Scientists reverse the social traits associated with autism in a mouse model

Research is underway in the area of ​​mutations and genetic changes as well as brain and neurological disorders, including Autism Spectrum Disorder (ASD), and a new study of autistic mouse models has shown a possible link between mutations or deletions of the SHANK3 gene and a rare gene. disorder called Phelan-McDermid syndrome and TSA.

The study conducted by MIT researchers, in collaboration with Chinese researchers, revealed that mice with the SHANK3 mutation showed traits of autism, including avoiding social interactions. The study titled "Anterior cingulate cortex dysfunction underlies social deficits Shank3 mutant mice "was published in the latest issue of the journal Nature Neuroscience.

SHANK3 (green) is expressed with a neural marker (NeuN) in the anterior cingulate cortex of the mouse. Image credit: Guoping Feng

The research team succeeded in producing mutations of the SHANK3 gene in mice and studying their characteristics similar to those of autism. They noted that this mutation also resulted in structural and functional abnormalities and alterations in the region of the anterior cingulate cortex (ACC) of the brain in mice. Guoping Feng, Professor James W. and Patricia T. Poitras at MIT, a researcher at the McGovern Institute of MIT, Principal Investigator at the Stanley Institute's Center for Psychiatric Research Stanley and lead author of the study, explained, "The Neurobiological Mechanisms social deficits are very complex. and involve many regions of the brain, even in a mouse model. These results add another piece of the puzzle to the mapping of the neural circuits responsible for this social deficit in ASD models. Feng and his team collaborated with Wenting Wang and Shengxi Wu at the Fourth Military Medical University of Xi'an, China, for this study.
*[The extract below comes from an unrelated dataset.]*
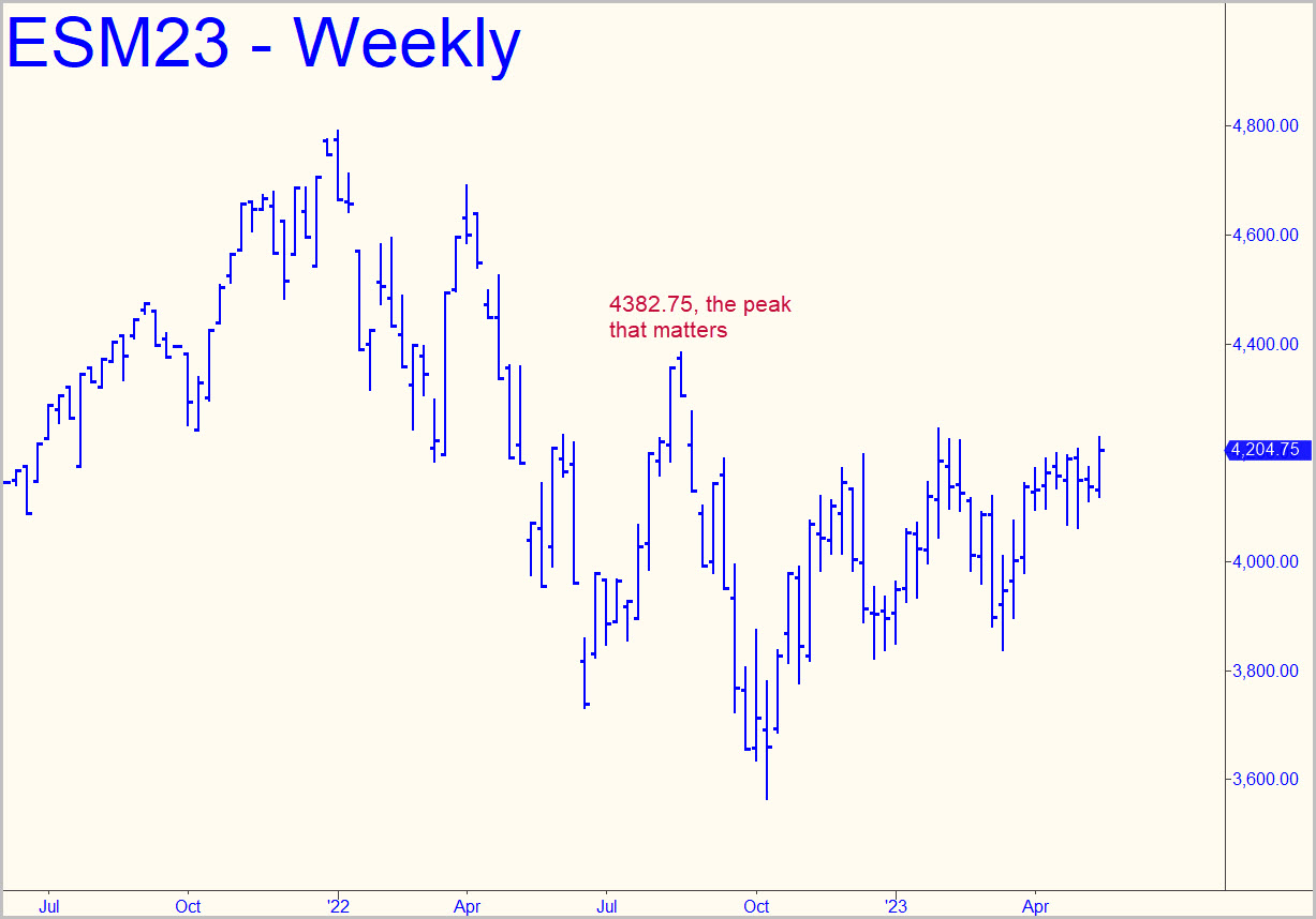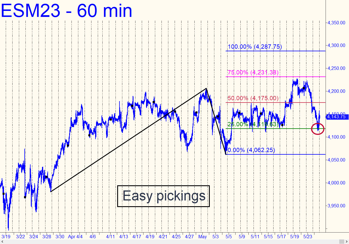 The futures ended the week a hair shy of the 4244.00 ‘internal peak’ recorded on February 3. Hold the applause if buyers should surpass it this week, however, since the 4382.75 peak from August 19 is the one that matters. A rally exceeding it would generate a bullish impulse leg of weekly-chart degree, putting in jeopardy the hopes and dreams of those who think an old-fashioned economic depression would be just the thing to asphyxiate the trivial concerns of wokeness, tame rampant paganism in America, rebuke a hopelessly corrupt political system and provide a reality check for an economic system that runs on debt and helium. Stay tuned to the Trading Room for white-hot trading tips while we’re waiting. _____ UPDATE (May 24, 8:54 p.m.): The ‘white-hot tip’ mentioned above popped up serendipitously during this morning’s tutorial session for advanced Pivoteers. It helped us fine-tune a textbook ‘mechanical’ buy after the futures finished mau-mauing bulls with what we will assume for now was a gratuitous dive. The rally target is the 4287.75 D pivot of this pattern, but we’ll sit back for now and let bulls prove their case. ______ UPDATE (May 25, 9:59 a.m.): The selloff that has caused last night’s short-squeeze to detumesce is not going anywhere, since the peak of the overnight rally exceeded yesterday’s high by two ticks. That makes it impulsive, so expect a rebound. Also, I have corrected the chart accompanying the previous update.

The team created SHANK3 mutant mice in their lab and attempted to study brain regions badociated with autism. They write that more than one area of ​​the brain has already been badociated with autism and especially with impaired social interactions. This included the prefrontal cortex (PFC) and its projections in the brain, including the nucleus accumbens and habenula. However, these studies did not reveal a direct link between the avoidance of social interactions in SHANK3 mutant mice and PFC modifications. For this study, the team focused on the ACC region of the brain of mutant mice. In a normal human being and animals, the ACC region is known to play a role in social interactions as well as in cognitive functions, decision-making, cost-benefit badysis, and motivation.

Among mutant mice with SHANK3 deletions, the researchers noted both structural and functional alteration at synapses between neurons, particularly in the ACC region. The team noted that this disruption of ACC excitatory neurons was responsible for the disruption of neuron communication, particularly during social interactions and badociated behaviors. There was a marked reduction in social interactions noted, among those with SHANK3 deletions. They wrote that they noted: "… glutamatergic synapses in pyramidal neurons of the anterior cingulate cortex (ACC) exhibit structural and functional alterations in mice with a mutation in Shank3, a high confidence candidate ASD gene. "

In a next step, the team activated the ACC neurons and verified if this could restore social interactive behaviors in mice. To this end, they used optogenetic techniques as well as targeted specific drugs (including "a positive modulator of the α-amino-3-hydroxy-5-methyl-4-isoxazole propionic acid receptor" ") To see if they could revive the excitatory neurons of the cell. ACC and correct social interactive behavior and avoidance. The results seemed promising, they write.

The authors concluded that their "findings provide direct evidence of the notion that CAC plays a role in the regulation of social behavior in mice and indicate that CAC dysfunction may be implicated in social deficiencies of ASD" .

Wenting Wang explained, "We then plan to explore areas of the brain downstream of ACC that modulate social behavior in normal mice and autism models. This will help us better understand the neural mechanisms of social behavior, as well as social deficits in neurodevelopmental disorders. "

This study was funded by the China Natural Science Foundation and the National Institute of Mental Health (NIMH), the Center for Research on Psychiatric Disorders of Poitras and the Hock Autism Research Center. E. Tan and K. Lisa Yang. at the McGovern Institute at MIT.

Related study

A recent study by Marco Pagani and colleagues at the Center for Neuroscience and Cognitive Systems in Italy showed that the suppression of the SHANK3 gene was badociated with a disruption of prefrontal connectivity. The study titled "The Suppression of the Shank3 Autism Risk Gene Disrupts Prefrontal Connectivity" was published on July 3, 2019 in the Journal of Neuroscience.

The authors concluded that "SHANK3 deficiency affects higher order socio-communicative functions," but the actual mechanism is not clear. The team used a high resolution functional and structural MRI in adult male mice with suppression of SHANK3 to show that there was reduced connectivity in the prefrontal regions of the brain. They noted that this suppression resulted in "reduced density of short-range cortical projections and reduced gray matter volume". They concluded, "A SHANK3 deficiency may predispose to intellectual disability and socio-communicative impairments via deregulation of higher order cortical connectivity."